Regular Expression Basics

Source: Internet
Author: User
Tags printable characters

Regular Expression Basics

function libraries for regular expressions:

1. PCRE, a regular expression function compatible with the Perl language.

2. POSIX.

"Grammar Rules"

A Atomic:
Atoms are the most basic constituent units of regular expressions, with at least one atom in each pattern. Atoms are made up of all printed and nonprinting characters that are not displayed as metacharacters.

1) ordinary characters as atoms

Includes uppercase lowercase letters, all numbers.

2) Some special words and metacharacters characters as atoms

Characters that have special meaning can be used/escaped.

3) Some nonprinting characters as atoms

nonprinting characters are formatting control symbols that are not displayed in a string.

Non-printable characters common in regular expressions

Atomic characters

Meaning description

\f

Match a page break

\ n

Match a line break

\ r

Match a carriage return character

\ t

Match a tab

\v

Match a vertical tab

Attention:

'/\n/'-whether a carriage return appears in the matching string in the Windows system.

'/\r\n/'-used in a Linux system to match a carriage return in a string.

4) Use universal character type as atomic

Common character types commonly found in regular expressions

Atomic characters

Meaning description

\d

Match any decimal number equivalent to [0-9]

\d

Matches any number except a decimal number, equivalent to [^0-9]

\s

Matches any white space character, equivalent to [\f\n\r\t\v]

\s

Matches any character except whitespace characters, equivalent to [^\f\n\r\t\v]

\w

Match any number, letter or underscore equivalent to [0-9a-za-z]

\w

Matches any character except a number, letter, or underscore equivalent to [^0-9a-za-z]

5) Custom Atomic table ([]) as an atom

You can use an atomic table to define a set of atoms that are equal to each other, such as:

'/[ja]sp/' – can match two types of ASP and JSP.

Two Metacharacters

The so-called meta-character is used to construct regular expressions with special meaning characters, such as: ' * ', ', ', ' + ', '? ' such as

Metacharacters can not appear alone, it is used to modify the atom, you can use \ to escape, so that it loses special meaning.

The meta-character of a regular expression

Metacharacters

Meaning description

*

Match 0 times, 1 times or more before the atom

+

Match 1 or more times before the atom

Match 0 or 1 times before the Atom

.

Match any character except line break

|

Match two or more branches

N

The atoms in front of them happen to happen N times

{N,}

The atoms in front of it appear at least n times

{N,m}

The atoms in front of them appear at least n times, up to M times

^ or \a

Where to start the match string

$ or \z

Match the end position of the input string

\b

Match the boundaries of a word

\b

Match a section other than the word boundary

[]

Matches any one of the atoms specified in the square brackets

[^]

Match any character except for the atoms in square brackets

()

Match the whole as an atom, or a pattern unit, that can be understood as a large atom of multiple individual atoms.

1. Qualifiers

Qualifiers are used to specify how many times a given atom of a regular expression must appear to satisfy a match.
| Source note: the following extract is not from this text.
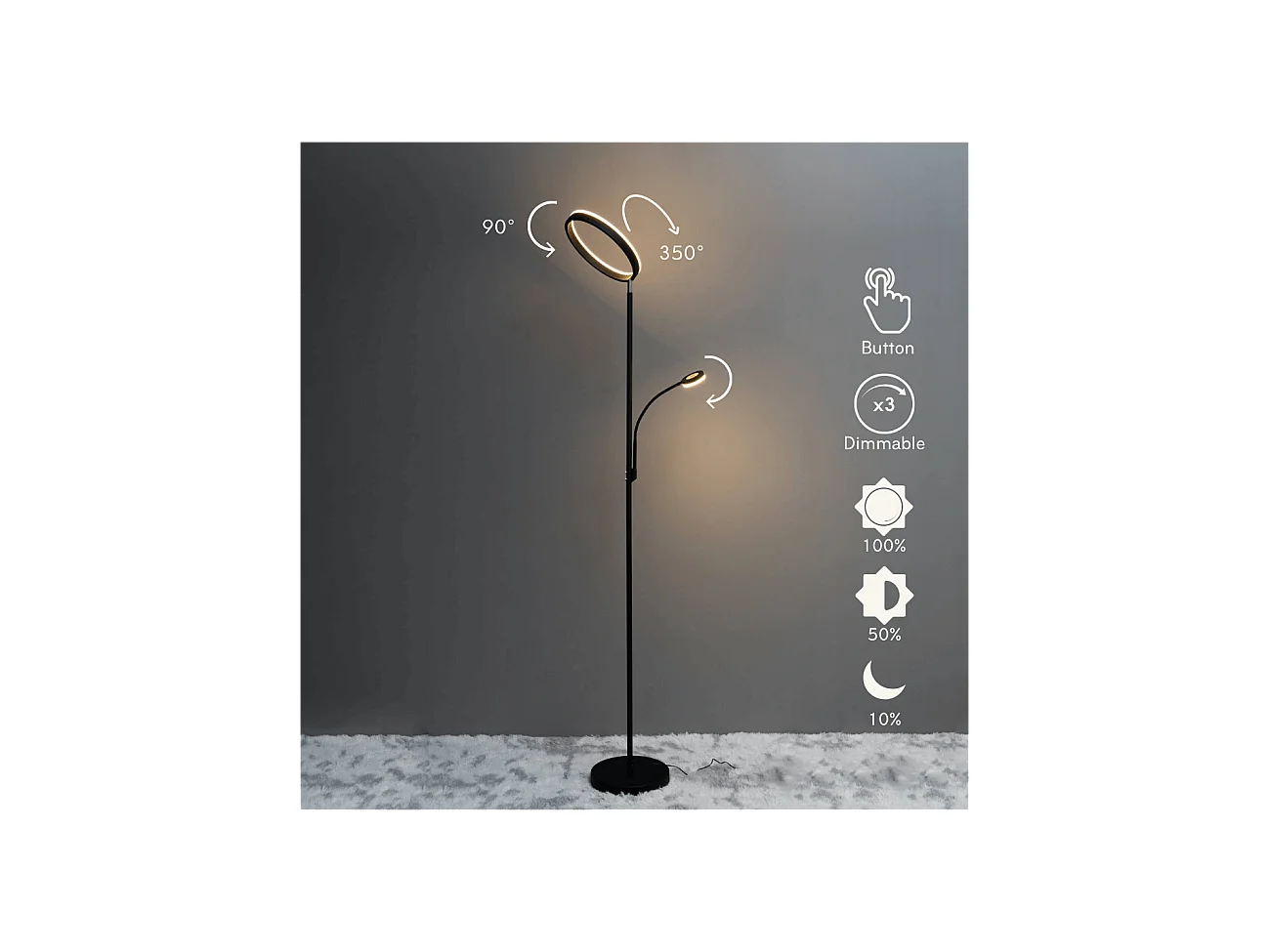 Lampadaire noir design épuré tête orientable dimmable - Kalena

Have "*", "+", "? "," {n} "," {N,} "," {n,m} "six qualifiers, the main difference between them is that the number of repetitions is different.

2. Border restrictions

Used to limit the bounds of a string or word to obtain a more accurate result of the match. The metacharacters "^ and $ refer to the beginning and end of the string, respectively, and" \b "is used to describe the front or back bounds of each word in the string.

3. Period

. Can match any one of the characters in the target, including non-printable characters.

4. Mode selector (|)

| Selectors have the lowest precedence and are used to separate multiple selection modes.

5. Mode Unit

Use the meta-character "()" to make a large atom of multiple atoms, as a separate unit.

Three Pattern modifier

Pattern correction Symbols:

Pattern correction Symbols

Function description

I

Case insensitive when matching pattern

X

Whitespace in a pattern is ignored unless it is escaped

Regular Expression Basics

Contact Us

The content source of this page is from Internet, which doesn't represent Alibaba Cloud's opinion; products and services mentioned on that page don't have any relationship with Alibaba Cloud. If the content of the page makes you feel confusing, please write us an email, we will handle the problem within 5 days after receiving your email.

If you find any instances of plagiarism from the community, please send an email to: info-contact@alibabacloud.com and provide relevant evidence. A staff member will contact you within 5 working days.

A Free Trial That Lets You Build Big!

Start building with 50+ products and up to 12 months usage for Elastic Compute Service

  • Sales Support

    1 on 1 presale consultation

  • After-Sales Support

    24/7 Technical Support 6 Free Tickets per Quarter Faster Response

  • Alibaba Cloud offers highly flexible support services tailored to meet your exact needs.